How to iterate through all partitions in a PyArrow FileSystemDataset for aggregations

140 views Asked by At

I have a parquet dataset partitioned by year, and I am trying to iterate through each year partition to do aggregations on each one, instead of loading the entire dataset into memory at once.

The get_fragments() method typically represents a single file or a portion of a single file within a partition, rather than the entire partition itself. So, to aggregate across an entire partition I tried the following:

import pyarrow.dataset as ds

# Create a FileSystemDataset
dataset = ds.dataset(source_path, format="parquet", partitioning=ds.partitioning(
            pa.schema(
                [
                    ("year", pa.int16()),
                ]
            )
        ))

# Define the partitions to aggregate across
partition_key = 2015

# Get the fragments for the specified partition
fragments = [fragment for fragment in dataset.get_fragments() if fragment.partition_expression() == partition_key]
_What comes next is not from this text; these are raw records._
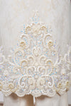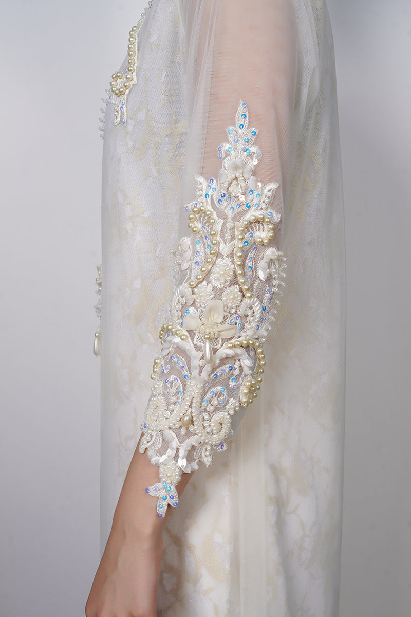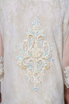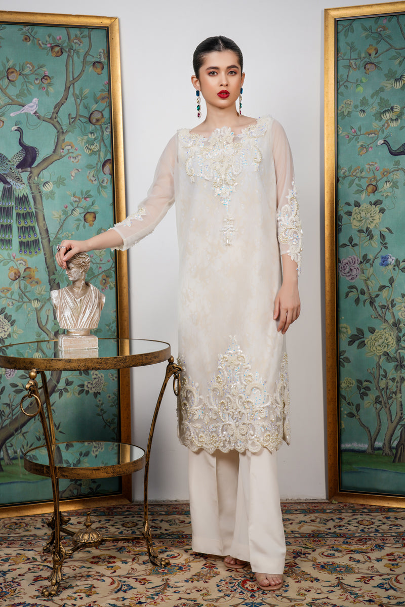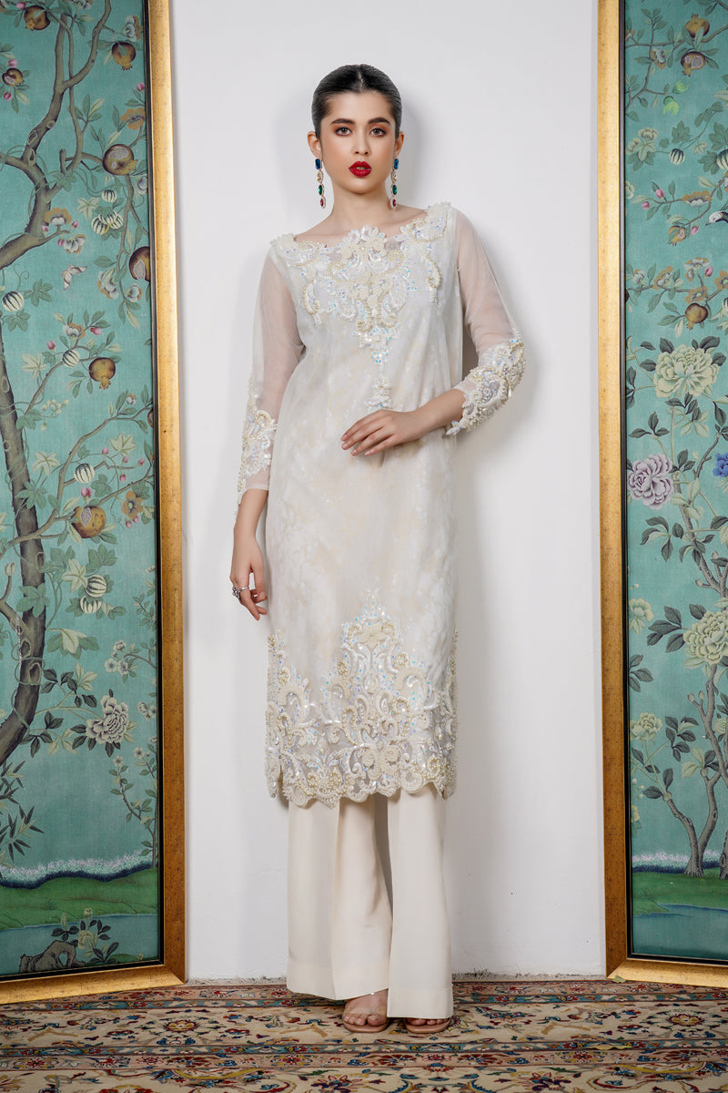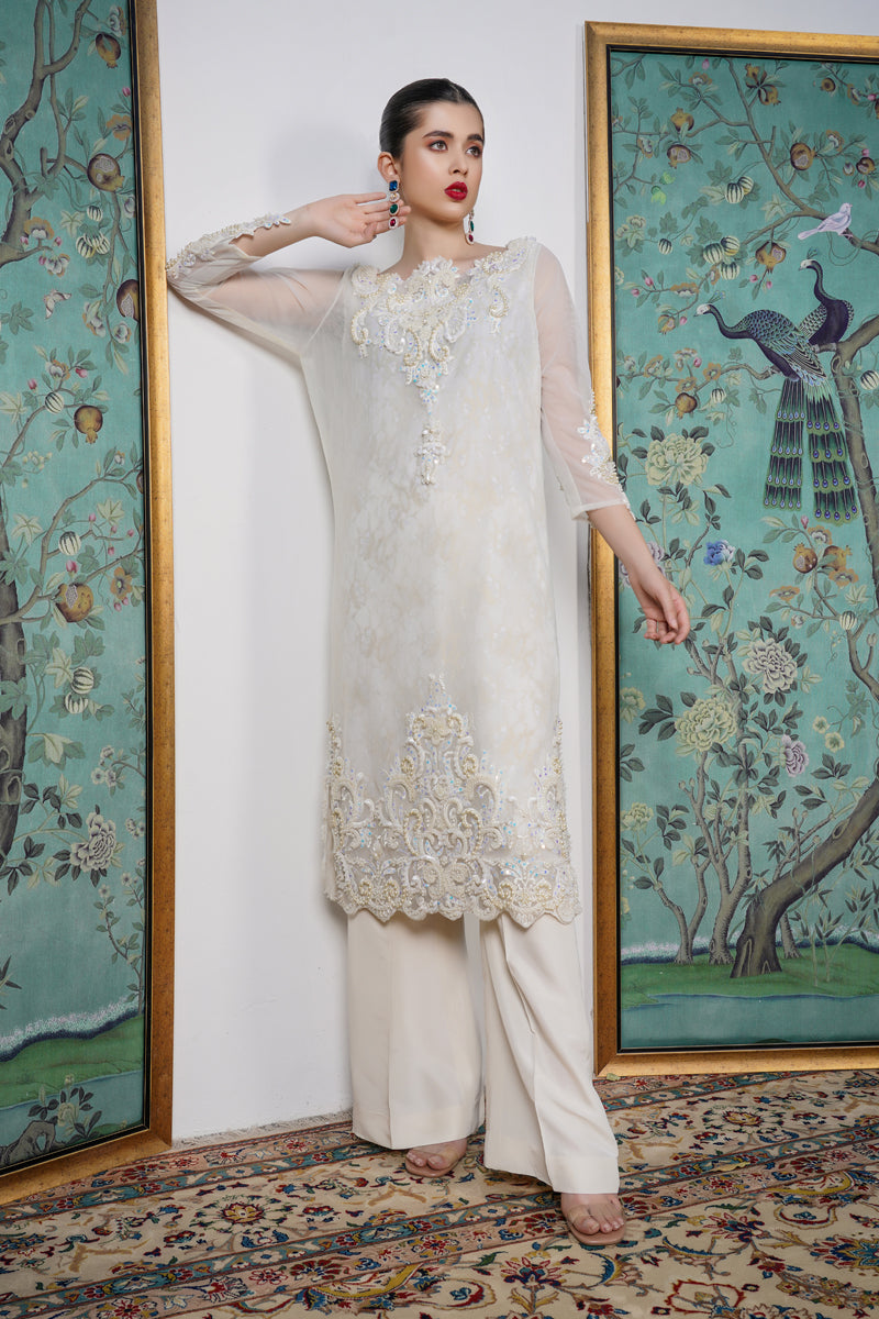 This ensemble features a combination of net and lace fabric, creating a delicate and elegant look. The pants are made of raw silk, providing a contrasting texture to the overall outfit. The work done on this ensemble includes Rashim thread embroidery and the addition of pearls, adding a touch of sophistication and intricacy. The outfit is further enhanced with special sataras, which are decorative motifs or patterns, adding a unique and eye-catching element to the design. Overall, this outfit exudes a graceful and feminine charm.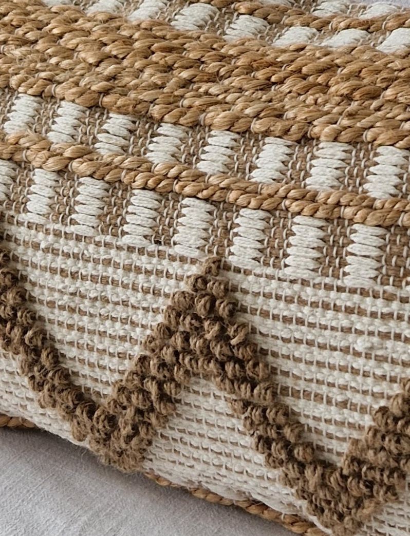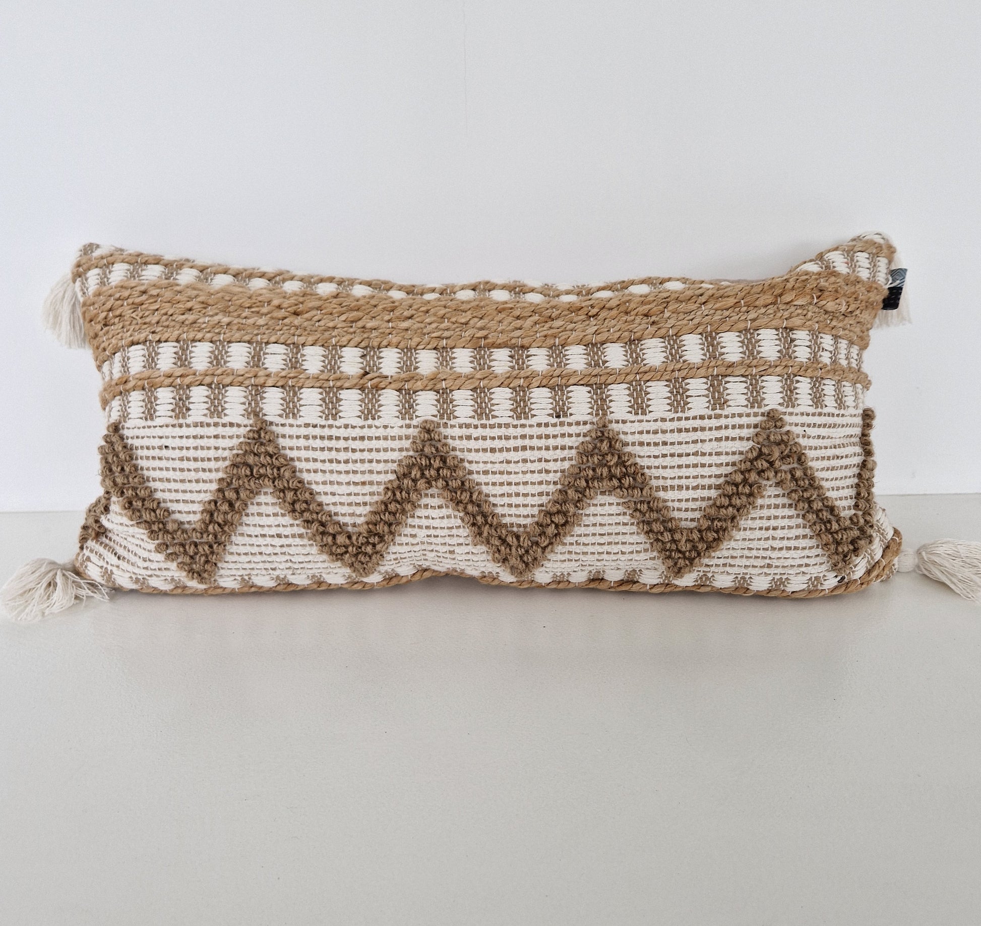 Very beautiful and decorative elongated Jute cushion in Off-white / Natural colors with tassels.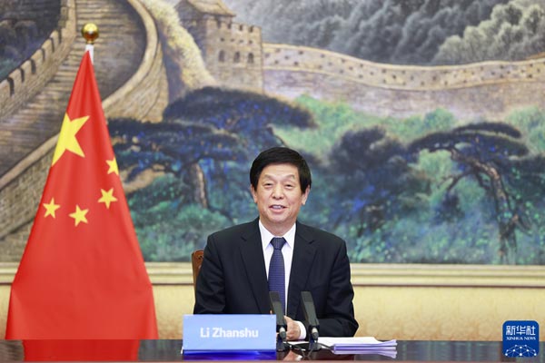 4月27日,全國人大常委會委員長栗戰(zhàn)書在北京人民大會堂以視頻方式同挪威議長加拉哈尼舉行會談。新華社記者 丁林 攝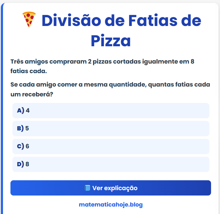 Continue lendo🍕 Divisão de Fatias de Pizza Três amigos compraram 2 pizzas cortadas igualmente em 8 fatias cada. Se cada amigo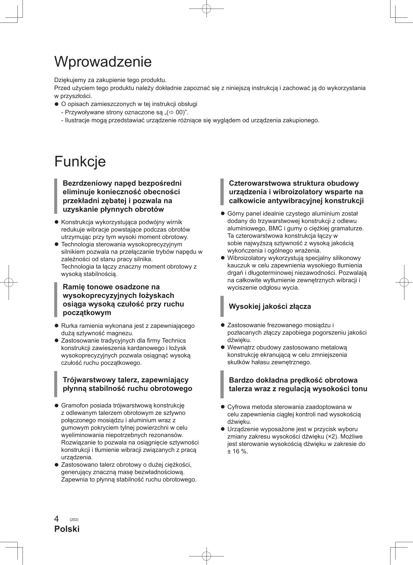 - Suomi (201) Wprowadzenie Dziękujemy za zakupienie tego produktu. Przed użyciem tego produktu należy dokładnie zapoznać się z niniejszą instrukcją i zachować ją do wykorzystania w przyszłości. O opisach zamieszczonych w tej instrukcji obsługi - Przywoływane strony oznaczone są „( 00)”. - Ilustracje mogą przedstawiać urządzenie różniące się wyglądem od urządzenia zakupionego. Funkcje Bezrdzeniowy napęd bezpośredni eliminuje konieczność obecności przekładni zębatej i pozwala na uzyskanie płynnych obrotów Konstrukcja wykorzystująca podwójny wirnik redukuje wibracje powstające podczas obrotów utrzymując przy tym wysoki moment obrotowy. Technologia sterowania wysokoprecyzyjnym silnikiem pozwala na przełączanie trybów napędu w zależności od stanu pracy silnika. Technologia ta łączy znaczny moment obrotowy z wysoką stabilnością. Ramię tonowe osadzone na wysokoprecyzyjnych łożyskach osiąga wysoką czułość przy ruchu początkowym Rurka ramienia wykonana jest z zapewniającego dużą sztywność magnezu. Zastosowanie tradycyjnych dla firmy Technics konstrukcji zawieszenia kardanowego i łożysk wysokoprecyzyjnych pozwala osiągnąć wysoką czułość ruchu początkowego. Trójwarstwowy talerz, zapewniający płynną stabilność ruchu obrotowego Gramofon posiada trójwarstwową konstrukcję z odlewanym talerzem obrotowym ze sztywno połączonego mosiądzu i aluminium wraz z gumowym pokryciem tylnej powierzchni w celu wyeliminowania niepotrzebnych rezonansów. Rozwiązanie to pozwala na osiągnięcie sztywności konstrukcji i tłumienie wibracji związanych z pracą urządzenia. Zastosowano talerz obrotowy o dużej ciężkości, generujący znaczną masę bezwładnościową. Zapewnia to płynną stabilność ruchu obrotowego. 4 (202) Polski Czterowarstwowa struktura obudowy urządzenia i wibroizolatory wsparte na całkowicie antywibracyjnej konstrukcji Górny panel idealnie czystego aluminium został dodany do trzywarstwowej konstrukcji z odlewu aluminiowego, BMC i gumy o ciężkiej gramaturze. Ta czterowarstwowa konstrukcja łączy w sobie najwyższą sztywność z wysoką jakością wykończenia i ogólnego wrażenia. Wibroizolatory wykorzystują specjalny silikonowy kauczuk w celu zapewnienia wysokiego tłumienia drgań i długoterminowej niezawodności. Pozwalają na całkowite wytłumienie zewnętrznych wibracji i wyciszenie odgłosu wycia. Wysokiej jakości złącza Zastosowanie frezowanego mosiądzu i pozłacanych złączy zapobiega pogorszeniu jakości dźwięku. Wewnątrz obudowy zastosowano metalową konstrukcję ekranującą w celu zmniejszenia skutków hałasu zewnętrznego. Bardzo dokładna prędkość obrotowa talerza wraz z regulacją wysokości tonu Cyfrowa metoda sterowania zaadoptowana w celu zapewnienia ciągłej kontroli nad wysokością dźwięku. Urządzenie wyposażone jest w przycisk wyboru zmiany zakresu wysokości dźwięku (×2). Możliwe jest sterowanie wysokością dźwięku w zakresie do ± 16 %. Spis treści Przed użyciem Akcesoria p. 9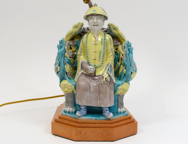 Chinese. Qing Dynasty. 19th Century. Of a Mandarin official seated on an elaborate dragon chair. Height 9 1/2". (Now mounted as a lamp) (Cond: chip to cap) (300/400) Provenance: Mrs. Judith Taubman, 1820 So. Ocean Blvd., Palm Beach, FL

# Initialize a list to collect data
collected_data = []

# Iterate through the fragments to collect data
for fragment in fragments:
    data = fragment.to_table()
    collected_data.append(data)

# Concatenate collected data into a single table
if collected_data:
    aggregated_data = pa.concat_tables(collected_data)

    # Perform the aggregation operation on aggregated_data
    result = aggregated_data.groupby("your_aggregation_column").sum()

    # Continue with your further analysis or processing on the result

However, the FileSystemDataset does not seem to have a way to retrieve all partition keys for this approach to be effective. Is there a better way of doing this?

0

There are 0 answers